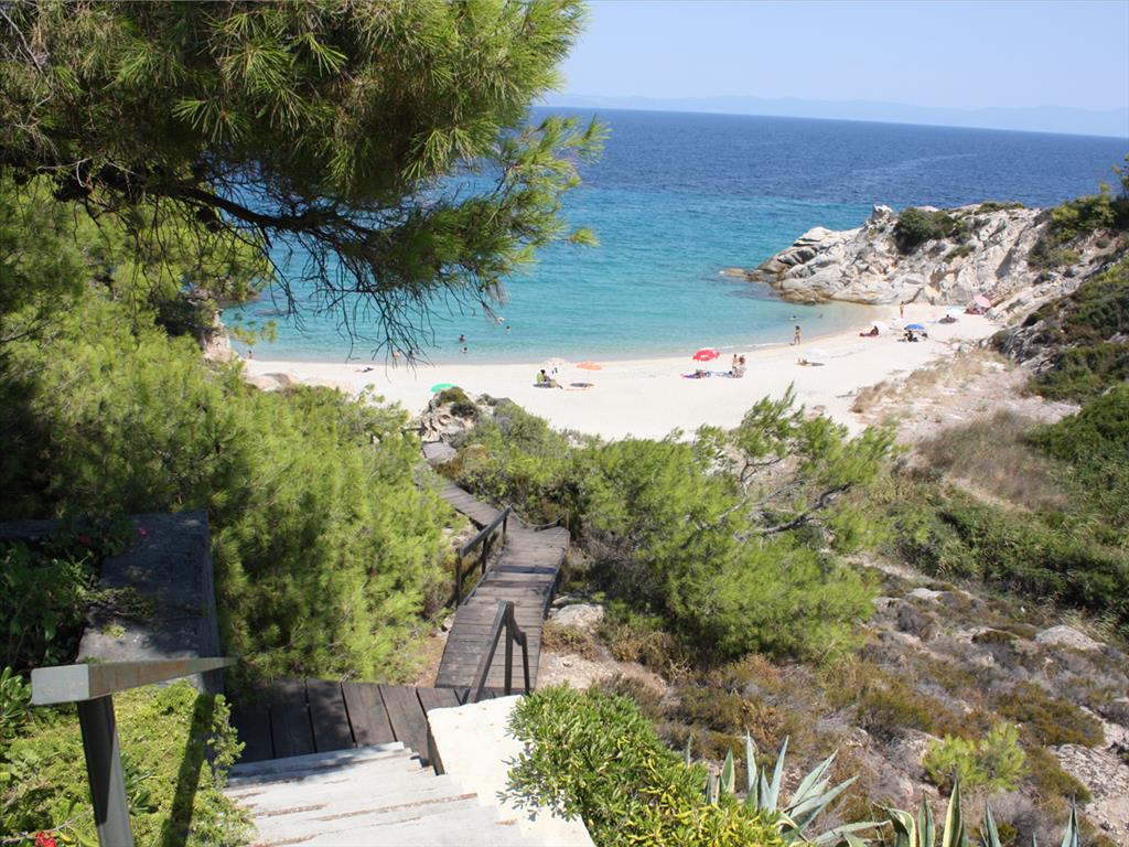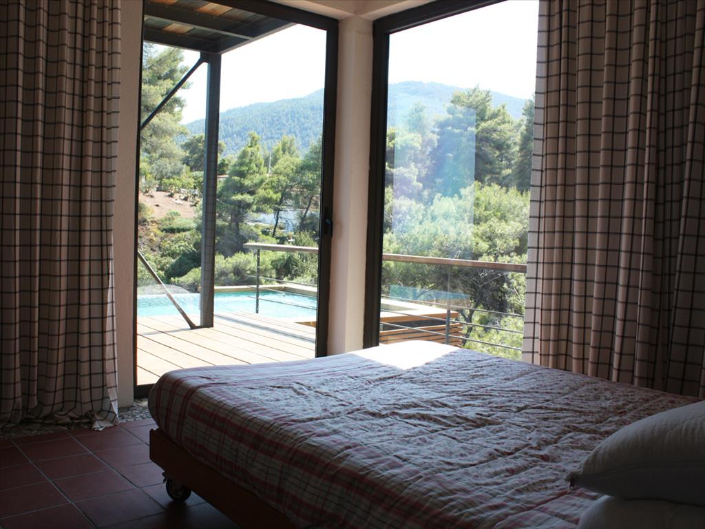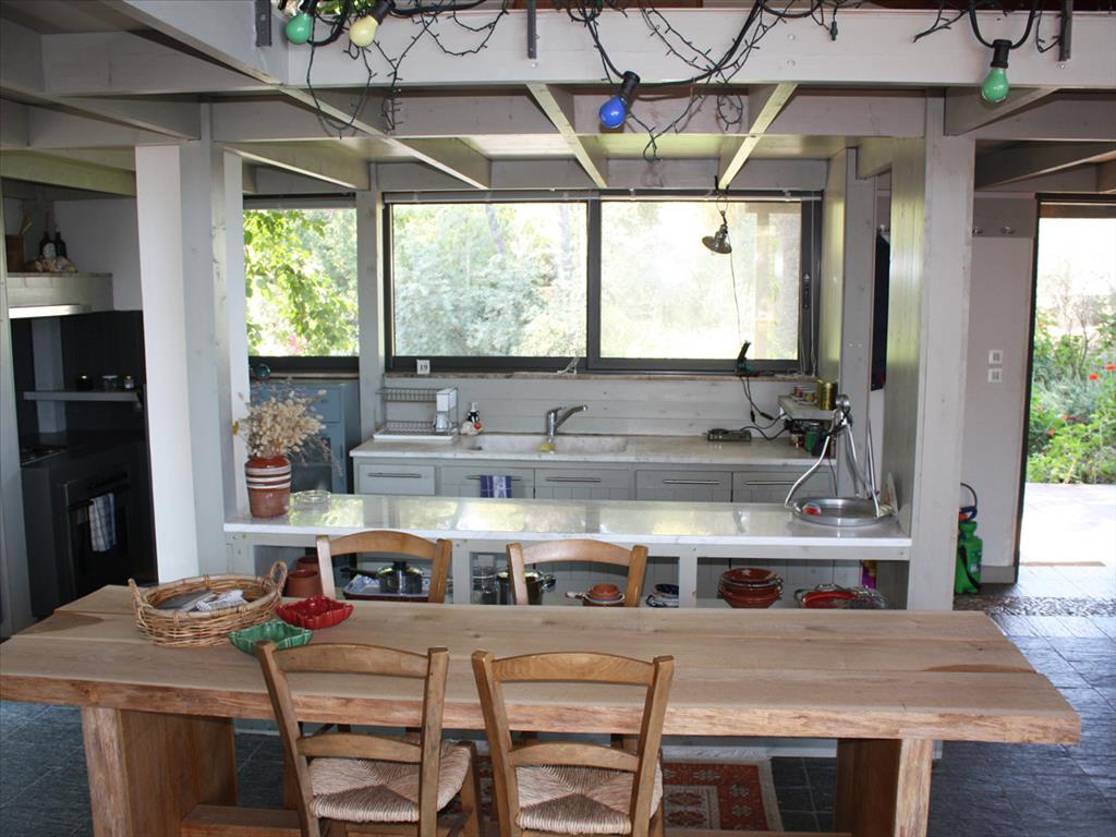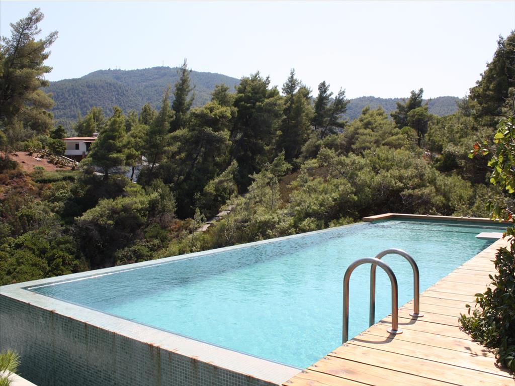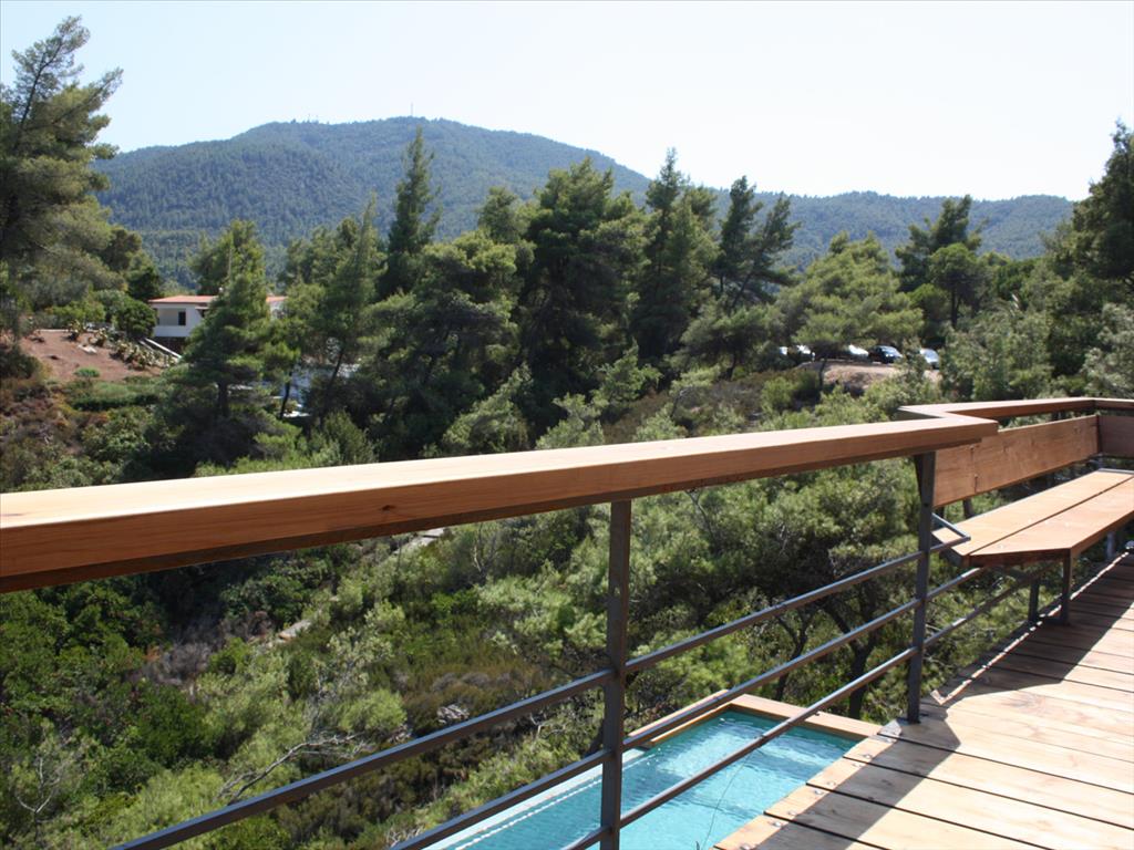 For sale 2-storey Villa of 200 sqm in Sithonia, Halkidiki, Greece The first floor consists of one bedroom, living room with kitchen, one shower room. The second floor consists of 2 bedrooms, living room with kitchen, 2 bathrooms. The Windows offer a magnificent view of the sea, the mountains and the forest. The object has a fireplace, barbecue, heating. The property is sold with furniture. To the property belongs a Parking space, garden. The on-site swimming pool personal use. The area around the house surrounded by tall pine trees and various herbs. The complex where the Villa is located, is one of the most expensive and elite of the entire Peninsula of Halkidiki.
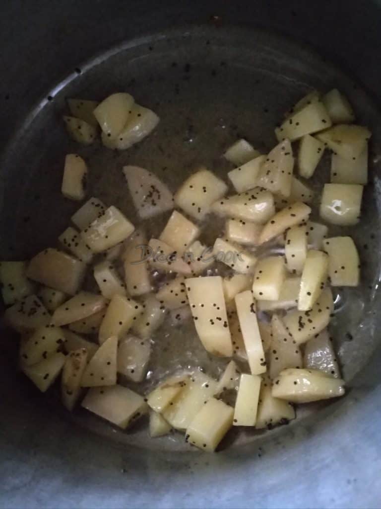 - Take a pressure cooker pan, add oil, ghee, mustard seeds, sauté well. Now add the aloo pieces and fry them well until they slightly turn golden. Add peas, powdered masala powder, fry well for a minute.
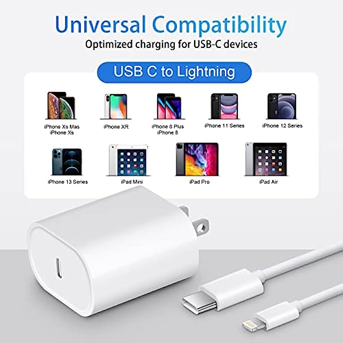 [Universal Compatibility]:20W USB C iPhone Charger Fast Charging for iPhone 13/13Pro Max/12/12 Pro/12 Pro Max/12 Mini/11/11 Pro/11 Pro Max/XR/XS Max/XS/X/8 Plus/8/SE , iPad, AirPods. Standrad Charging Speed works with iPhone 7/7 Plus/6s/6s Plus/6/6 Plus/SE/5s/5/5c.
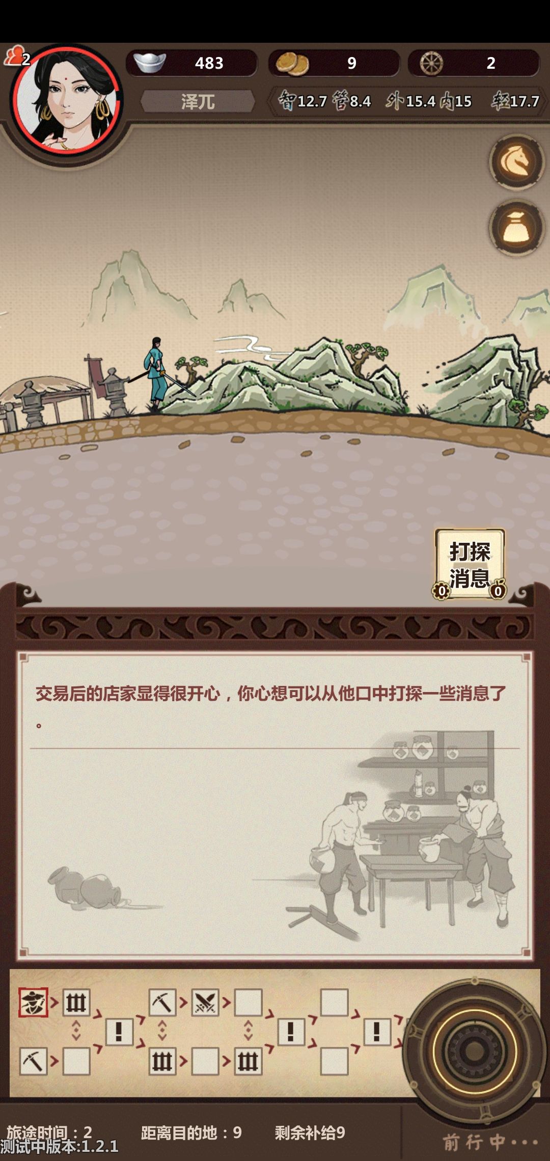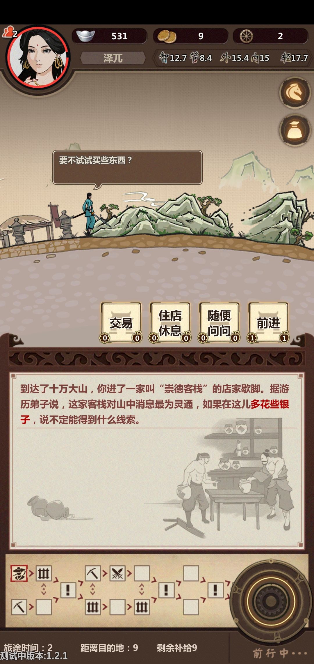 相关事件1开始时选上路,走第二个格子遇见客栈,会提示多花些银子可得线索。随便买个什么会告诉你线索了
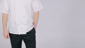 The Veteran Coat's simple design with short sleeves and ten pearl buttons is an elegant closet staple that partners well with the Executive Bistro Apron.

● ● ● ● ●

- **BRIEF**
Could you retype every line above exactly as it appears, skipping the pictures?

- **OUTPUT BELOW**
 For sale 2-storey Villa of 200 sqm in Sithonia, Halkidiki, Greece The first floor consists of one bedroom, living room with kitchen, one shower room. The second floor consists of 2 bedrooms, living room with kitchen, 2 bathrooms. The Windows offer a magnificent view of the sea, the mountains and the forest. The object has a fireplace, barbecue, heating. The property is sold with furniture. To the property belongs a Parking space, garden. The on-site swimming pool personal use. The area around the house surrounded by tall pine trees and various herbs. The complex where the Villa is located, is one of the most expensive and elite of the entire Peninsula of Halkidiki.
 - Take a pressure cooker pan, add oil, ghee, mustard seeds, sauté well. Now add the aloo pieces and fry them well until they slightly turn golden. Add peas, powdered masala powder, fry well for a minute.
 [Universal Compatibility]:20W USB C iPhone Charger Fast Charging for iPhone 13/13Pro Max/12/12 Pro/12 Pro Max/12 Mini/11/11 Pro/11 Pro Max/XR/XS Max/XS/X/8 Plus/8/SE , iPad, AirPods. Standrad Charging Speed works with iPhone 7/7 Plus/6s/6s Plus/6/6 Plus/SE/5s/5/5c.
 相关事件1开始时选上路,走第二个格子遇见客栈,会提示多花些银子可得线索。随便买个什么会告诉你线索了
 The Veteran Coat's simple design with short sleeves and ten pearl buttons is an elegant closet staple that partners well with the Executive Bistro Apron.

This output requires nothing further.